Prévint Pierre par sa question, sans lui laisser le temps de raconter son entretien avec les percepteurs de l’impôt.
Étrangers à leur famille, par opposition à leurs fils. Ils prennent le tribut de leurs sujets.
Conclusion : Moi, le Fils de Dieu, je ne saurais être tenu par la loi à payer un impôt destiné à sa maison. « Il y a ici un plus grand que le temple » !
Et Jésus associe même son disciple à ce privilège (les fils). Pierre aussi est fils du Père, par adoption.
Ceux qui tiennent à Jésus partagent le droit de Jésus.
Mais Jésus qui sait qu’il ne serait pas compris et donnerait du scandale, se désiste humblement et charitablement de son droit et paie le tribut.
Dans l’acte même de soumission éclate la majesté de Jésus.
Le statère valait précisément quatre drachmes, qui suffisaient pour Jésus et pour Pierre.
C’est ici assurément un récit très difficile à comprendre, un miracle qui ne porte pas les mêmes caractères que ceux que Jésus accomplit d’ordinaire.

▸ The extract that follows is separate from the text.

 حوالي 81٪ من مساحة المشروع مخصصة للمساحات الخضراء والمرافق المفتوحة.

Et d’abord, en quoi consiste-t-il ? Non dans une action par laquelle Jésus aurait produit le statère dans la bouche du poisson, mais dans la science divine qui savait qu’il s’y trouvait. Or, ce n’est pas là ce qui arrête la critique, celle du moins qui voit en Jésus le Fils de Dieu, le Roi de la nature.

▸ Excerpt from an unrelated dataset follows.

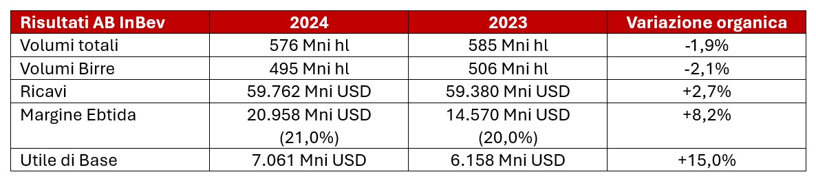 AB InBev: Ricavi record nel 2024 con 59,8 Miliardi di $ e crescita del 15% dell’utile per azione

Mais elle objecte que ce miracle est inutile, vu la facilité de se procurer d’une autre manière, à Capernaüm, cette petite valeur de quatre drachmes. Elle objecte ensuite que jamais Jésus n’a fait de miracles pour lui-même (comparer Matthieu 4.3-4).
Elle fait observer enfin que l’exécution de l’ordre donné à Pierre, c’est-à-dire le fait même de cette pêche miraculeuse n’est point raconté. D’où elle a conclu que les paroles de Jésus ont été défigurées par une tradition que Matthieu rapporte seul ; que celle-ci aurait, par exemple, transformé en un fait historique ce qui était primitivement une parabole par laquelle Jésus voulait enseigner aux siens le devoir de payer les impôts.
Inutile de citer les puériles tentatives d’interprétation rationnelle, comme celle qui prétend que Pierre devait vendre ce poisson et en donner le prix aux percepteurs.
L’exégèse n’a pas à discuter ces hypothèses, mais à s’en tenir simplement aux données du récit, dont le sens est clair. Ce récit renferme pour la piété de précieuses leçons : la pauvreté de Jésus, qui ne possède pas quatre drachmes, l’humilité avec laquelle il renonce à son droit divin pour remplir un si pale devoir de citoyen, sa charité, qui évite de heurter des préjugés ; sa grandeur divine, à laquelle tout dans la nature doit servir.